Why, then, is New York state canceling public meetings where the new standards were to be addressed by John King, state education commissioner?
According to King’s office, the meetings have been canceled because of “disruptions caused by the special interests.”
You see, there are a separate batch of criticisms about Common?Core standards that have little to do with the actual education of students. The laundry list of issues includes privacy concerns relating to who has access to information gathered from students and an argument that Common Core violates the 10th Amendment to the Constitution, violates a federal law that prohibits federal control of education, is in violation of the New York state constitution and violates state education law.
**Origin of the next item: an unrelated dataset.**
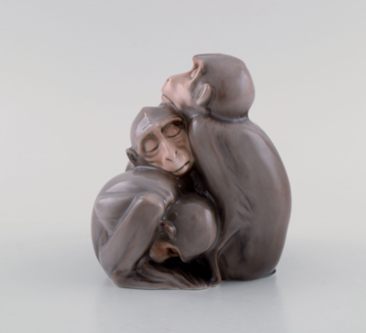 Bing & Grøndahl porcelænsfigur. Sovende aber. Modelnummer 1581. Midt 1900-tallet.

“I was looking forward to engaging in a dialogue with parents across the state. I was eagerly anticipating answering questions from parents about the Common Core and other reforms we’re moving ahead with in New York state. Unfortunately, the forums sponsored by the New York State PTA have been co-opted by special interests whose stated goal is to ‘dominate’ the questions and manipulate the forum,” King wrote in a statement posted on the state Education Department website.
Taxpayers and concerned citizens deserve to have some answers. Quelling debate and discussion moves New York no further toward its end goal of providing the best education possible for all of its children.
Yes, speakers should be more civil than they were at Spackenkill, but King must realize it’s time to listen to the very real questions and concerns many parents have regarding Common Core.
State Sen. Cecilia Tkaczyk, Assemblyman Angelo?Santabarbara and Assemblyman Marc Butler issued statements indicating King should still conduct the meetings.
Not only should King resume the scheduled PTA town hall meetings – which included visits to Clifton?Park and New Hartford – he should hold more meetings throughout the state.
However, those interested in shouting at King need to restrain themselves and let the state answer the questions so we can all have the facts in order to make an educated decision about the Common Core standards.